→ **To do**
The response must be the exact lines from the line holding "Supermarine Spitfire LF" through the end of the entries, with no pictures and nothing else.

→ **Material provided**

★ ★ ★ ★ ★

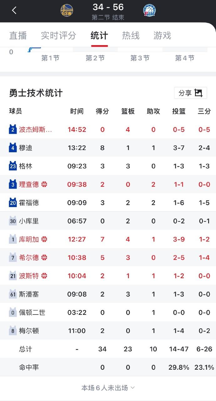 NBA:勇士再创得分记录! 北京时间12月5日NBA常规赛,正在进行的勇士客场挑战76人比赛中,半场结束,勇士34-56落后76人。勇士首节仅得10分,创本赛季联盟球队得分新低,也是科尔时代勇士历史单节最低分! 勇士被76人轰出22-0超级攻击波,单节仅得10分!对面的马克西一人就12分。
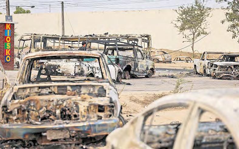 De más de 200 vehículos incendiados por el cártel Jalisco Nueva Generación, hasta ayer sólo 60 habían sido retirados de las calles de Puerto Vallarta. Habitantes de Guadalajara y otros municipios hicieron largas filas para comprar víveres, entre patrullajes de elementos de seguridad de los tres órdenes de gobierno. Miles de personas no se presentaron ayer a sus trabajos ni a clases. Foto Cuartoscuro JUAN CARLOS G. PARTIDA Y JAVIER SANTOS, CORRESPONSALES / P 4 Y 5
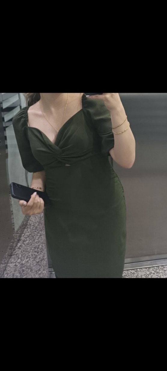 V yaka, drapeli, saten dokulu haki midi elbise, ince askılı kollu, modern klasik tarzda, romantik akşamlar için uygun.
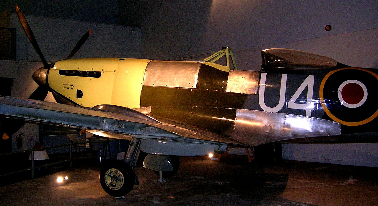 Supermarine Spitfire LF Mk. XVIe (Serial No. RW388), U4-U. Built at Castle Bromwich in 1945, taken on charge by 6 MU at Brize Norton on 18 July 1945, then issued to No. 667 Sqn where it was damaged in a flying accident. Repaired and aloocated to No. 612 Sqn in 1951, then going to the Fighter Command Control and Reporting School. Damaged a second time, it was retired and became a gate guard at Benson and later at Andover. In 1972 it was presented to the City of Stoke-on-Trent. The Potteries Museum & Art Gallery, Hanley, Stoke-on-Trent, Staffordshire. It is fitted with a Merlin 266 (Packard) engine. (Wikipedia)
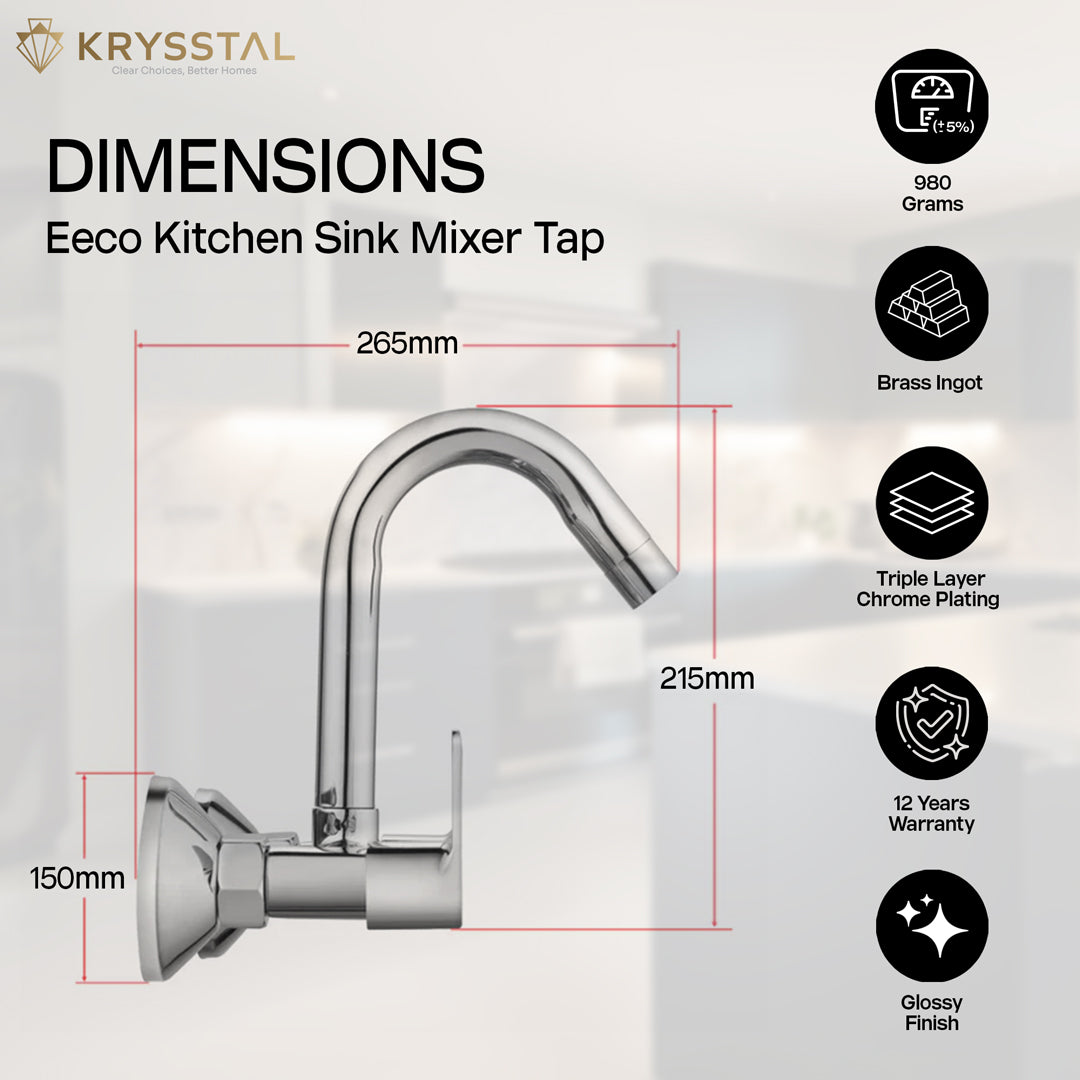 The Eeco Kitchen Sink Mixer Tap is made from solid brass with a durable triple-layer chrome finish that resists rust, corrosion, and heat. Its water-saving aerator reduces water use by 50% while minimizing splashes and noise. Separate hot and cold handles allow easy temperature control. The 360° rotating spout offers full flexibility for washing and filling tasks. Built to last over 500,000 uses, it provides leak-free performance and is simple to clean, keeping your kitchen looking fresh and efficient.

★ ★ ★ ★ ★

→ **Answer area**
 Supermarine Spitfire LF Mk. XVIe (Serial No. RW388), U4-U. Built at Castle Bromwich in 1945, taken on charge by 6 MU at Brize Norton on 18 July 1945, then issued to No. 667 Sqn where it was damaged in a flying accident. Repaired and aloocated to No. 612 Sqn in 1951, then going to the Fighter Command Control and Reporting School. Damaged a second time, it was retired and became a gate guard at Benson and later at Andover. In 1972 it was presented to the City of Stoke-on-Trent. The Potteries Museum & Art Gallery, Hanley, Stoke-on-Trent, Staffordshire. It is fitted with a Merlin 266 (Packard) engine. (Wikipedia)
 The Eeco Kitchen Sink Mixer Tap is made from solid brass with a durable triple-layer chrome finish that resists rust, corrosion, and heat. Its water-saving aerator reduces water use by 50% while minimizing splashes and noise. Separate hot and cold handles allow easy temperature control. The 360° rotating spout offers full flexibility for washing and filling tasks. Built to last over 500,000 uses, it provides leak-free performance and is simple to clean, keeping your kitchen looking fresh and efficient.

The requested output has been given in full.